Today tens of thousands of tons of spent nuclear fuel are sitting in casks or storage pools around the world, waiting for us to come up with a solution for it. For countries that do not allow reprocessing, there has only been one solution seriously proposed so far: deep geological repositories. You build caves deep into stable bedrock, and stuff the nuclear fuel there. Seen from a safety perspective that is a good idea because we know from the natural nuclear reactor site in Oklo, Gabon, Africa, that such repositories are extremely safe. A geological repository will keep spent nuclear fuel locked inside for literally billions of years. The only major worry is human intrusion.

Seen from a resource and sustainable development standpoint though, this is an awful(!) idea. 95 percent of the energy in spent nuclear fuel is unused.
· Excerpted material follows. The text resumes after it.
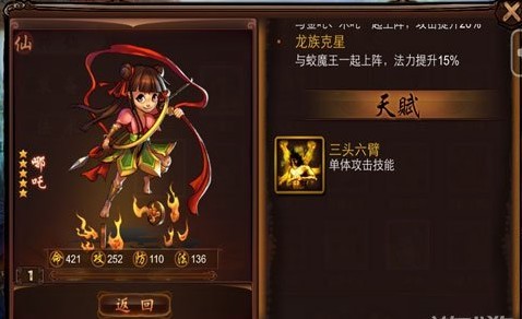 天赋技能四星神技三头六臂:单体攻击技能,对目标本身造成大量伤害。

Why would we want to put that in the ground for hundreds of thousands of years when we can use it to get clean, safe energy instead?

Fourth generation nuclear power is an umbrella term for emerging reactors designs. Some of them have existed as experimental plants for decades. Countries like the U.S., Russia, France and India have been working on fourth generation for quite some time. The advantages of this new nuclear power are substantial: 

  • Fourth generation reactors use what we call “waste” today as fuel and extract twenty times the energy, used nearly twice as effective.
  • The storage time for the nuclear waste goes down to approximately 500-1,000 years instead of 1,000,000 years.
  • They can use plutonium from dismantled nuclear weapons as fuel.
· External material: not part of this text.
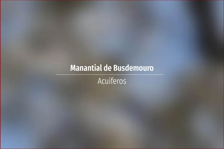 Manantial de Busdemouro. Acuífero en Asturias: Cuenca: Norte Unidad Hidrogeológica: Unidades aisladas Sistema acuifero: Unidades precarboníferas Toponimia: Manantial de Busdemouro Cota: 807 Naturaleza: Manantial Uso: Abastecimiento a n ...

Two things have held fourth generation nuclear power back so far. First the negative attitudes towards nuclear power after TMI and Chernobyl. The second factor has been the fact that Uranium has been – and still is – dirt cheap considering the fantastic amounts of energy that is extracted from the material, even with the second generation reactors.

But today, when we are faced not only with the problem of nuclear waste but also the urgent need of phasing out fossil fuels, these accidents have in the grand perspective proven to be exceedingly rare and either harmless – like TMI – or not relevant to the issue of future nuclear power, because no one is building dangerous Soviet junk-reactors designed in the 1950’s anymore. Nuclear power is without doubt coming back.
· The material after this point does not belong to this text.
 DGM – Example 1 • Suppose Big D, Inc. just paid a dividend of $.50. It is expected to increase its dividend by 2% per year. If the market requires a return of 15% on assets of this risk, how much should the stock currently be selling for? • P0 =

While countries like the US and Sweden are mulling over how to get people to accept nuclear waste dumps in their neighborhoods, others – like Russia and South Korea – are moving forward aggressively in the field of new nuclear power. With the current rate of expansion China will be the world leader in a couple of decades; the country is breaking ground for ten(!) new nuclear reactors every year.

Until fusion power is commercially available, the question is what role the western world will take in the continuing history of nuclear power. Will we:

  • Stop the development of our own nuclear power and bury our nuclear fuel in the world’s most advanced and expensive garbage dumps, hoping no one touches it for a million years?
  • Move forward, develop new nuclear power and produce clean energy for hundreds of years while eliminating nuclear waste and nuclear weapons?

If the first option sounds good to you, I urge you to get a siphon and start draining your gas tank…

Michael Karnerfors, Lund, Sweden

The author is a Master of Science in Computer Science and Engineering, and co-founder of the independent network Nuclear Power Yes Please” (NPYP) which seeks to gather people who consider the issue of nuclear power too important to be squandered with junk arguments and outrageous claims aimed more to scare and terrify people rather than informing them on the issues for and against nuclear power.